Tan poca vida es un reto enorme, especialmente, para aquellas personas que han decidido suprimir de su vida aspectos tan fundamentales de la existencia como el sacrificio, el compromiso o el mismo sufrimiento. La creación de Yanagihara es una mirada sin edulcoramientos a las relaciones humanas, de los traumas, de los duelos.
Esta novela se centra en la vida de un grupo de cuatro amigos y sus relaciones interpersonales por un poco más de tres décadas, tiempo en el que cambian, consolidan sus filosofías y pensamientos, se mudan, retan sus creencias, reprochan lo inflexible del destino y se afinan a cuidar su relación amistosa y amorosa por encima de todo.

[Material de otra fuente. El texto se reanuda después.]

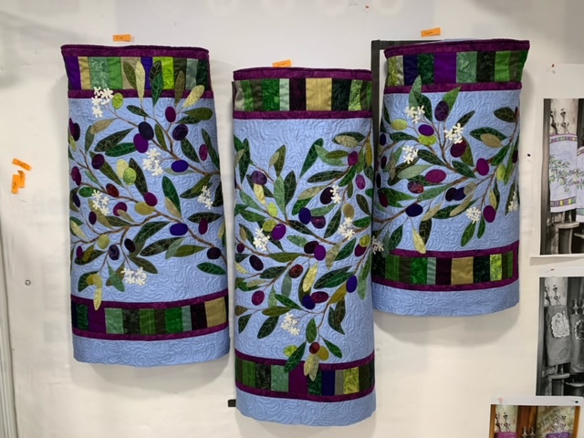 I was raised in a conservative Lutheran family, and was introduced to Judaism when I met my future husband in graduate school, so my first quilts were traditional patterns. I began to explore Judaic fiber art when I made my son’s tallit for his bar mitzvah. I soon realized that many Judaic ritual items can be explored in fabric and stitch. Studying and then converting to Judaism, establishing a Jewish home and family, and participating in synagogue life allowed me to find many ways to meld the historic tradition of quilting with the rituals celebrated and honored in Jewish life.

Tras la lectura, se inicia un profundo proceso por entender cuánto sabemos de los demás o de nuestros más allegados, de sus sufrimientos, de los hechos que les han marcado, de los duelos que aún punzan como púas el corazón y la mente. Tan poca vida sondea en nuestra neutralidad y obliga al lector a tomar partido desde la emoción y la compasión.
Con un poco más de mil páginas, absorbe al lector enseñándole lo impredecible e irreprochable de la comprensión humana, de los actos que carecen de libreto, que se sustancian en la emotividad y la espontaneidad y que viven con los años.
Tan poca vida tiene demasiada vida. Aunque hay críticos que dicen que la novela puede ser considerablemente más corta, mi sensación es que dura lo que debe ser, lo mismo que el dolor o la felicidad, que no se pueden extender según el deseo.
Por momentos, en medio de tantas situaciones complejas y dolorosas, se hace necesario respirar y poner la historia a enfriar por un tiempo. Puede ser abrumadora y consumir muchas emociones en poco tiempo.
El punto de todo es que esta ficción no sale más allá de los dramas que están sepultos dentro de nuestra realidad social: abusos, desprecios, miedos y violencias que marcan nuestro devenir como seres humanos comunidad. Es un repaso sobre el desorden agitador que llega con la muerte y el duelo que descompone y desarma; del cariz con que un padre acoge a un hijo con amor, y del poder del perdón.
Pero, sobre todo, diserta del valor de la amistad cuando esta verdaderamente tiene cimiento en el amor. Esta novela resolvió recordarme lo poético y bello que es caminar con los demás y aceptar sus cortes y sus cicatrices, humores y furias, angustias y fortalezas. Tan poca vida renueva las esperanzas y los votos en la amistad y el amor.
Jude, Willem, Malcolm y JB decantan las sombras y los claros del vivir, de la magia de compartir lo que a todas luces es invisible, pero imprescindible, empezando por el dolor y lo inenarrable del amor.
Si tiene oportunidad, lea Tan poca vida. Usted redescubrirá allí todo lo que ha vivido y pondrá puede poner en duda lo que ha aprendido sobre qué es vivir.